··· Source data
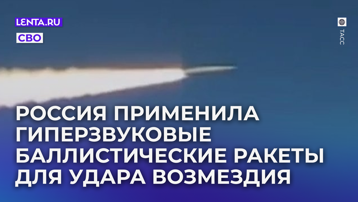 Вооруженные силы (ВС) России минувшей ночью нанесли удар возмездия по Украине. Для этого российские военные использовали в том числе баллистические гиперзвуковые ракеты «Кинжал», сообщило Министерство обороны РФ. Помимо «Кинжалов», армия России применила и другое высокоточное дальнобойное вооружение морского, воздушного и наземного базирования, а также беспилотные летательные аппараты (БПЛА), уточнили в ведомстве. Решение о нанесении удара возмездия по Украине было принято в ответ на террористические атаки Киева на российские гражданские объекты. В ответ на террористические атаки Украины по гражданским объектам на территории России сегодня ночью (...) нанесен массированный удар высокоточным оружием большой дальности воздушного, наземного и морского базирования, в том числе гиперзвуковыми аэробаллистическими ракетами «Кинжал», а также ударными беспилотными летательными аппаратами Минобороны России Целями удара стали объекты военно-промышленного комплекса (ВПК) и энергетики Украины, обес
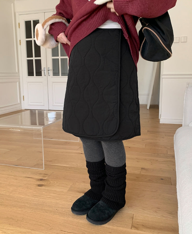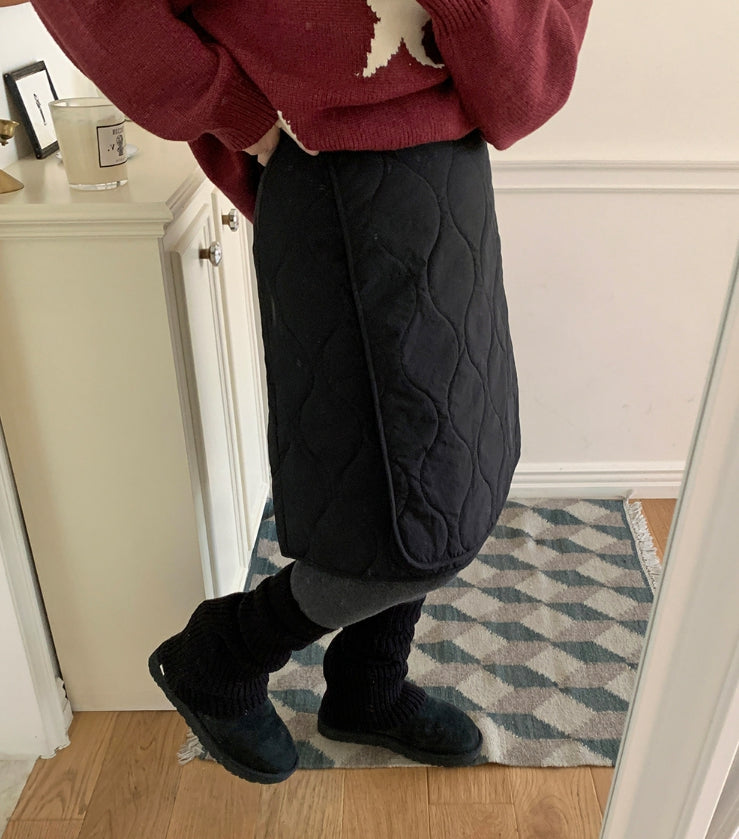 [BAONHAUS] Alle quilted padded wrap midi skirt
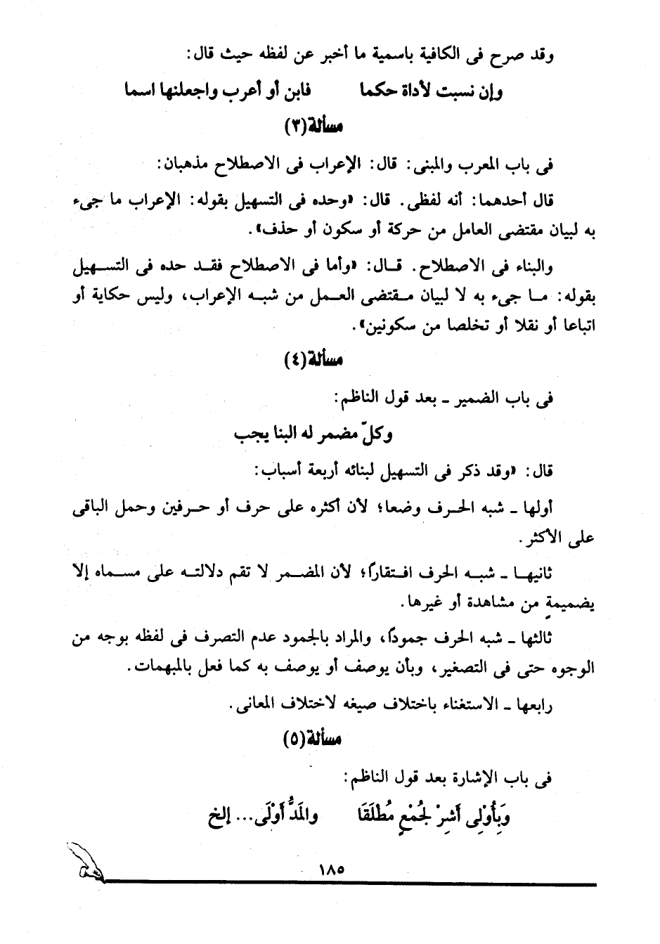 قال: "وقد ذكر في التسهيل لبنائه أربعة أسباب:
······
Give the data again exactly, image-free.

 Вооруженные силы (ВС) России минувшей ночью нанесли удар возмездия по Украине. Для этого российские военные использовали в том числе баллистические гиперзвуковые ракеты «Кинжал», сообщило Министерство обороны РФ. Помимо «Кинжалов», армия России применила и другое высокоточное дальнобойное вооружение морского, воздушного и наземного базирования, а также беспилотные летательные аппараты (БПЛА), уточнили в ведомстве. Решение о нанесении удара возмездия по Украине было принято в ответ на террористические атаки Киева на российские гражданские объекты. В ответ на террористические атаки Украины по гражданским объектам на территории России сегодня ночью (...) нанесен массированный удар высокоточным оружием большой дальности воздушного, наземного и морского базирования, в том числе гиперзвуковыми аэробаллистическими ракетами «Кинжал», а также ударными беспилотными летательными аппаратами Минобороны России Целями удара стали объекты военно-промышленного комплекса (ВПК) и энергетики Украины, обес
 [BAONHAUS] Alle quilted padded wrap midi skirt
 قال: "وقد ذكر في التسهيل لبنائه أربعة أسباب:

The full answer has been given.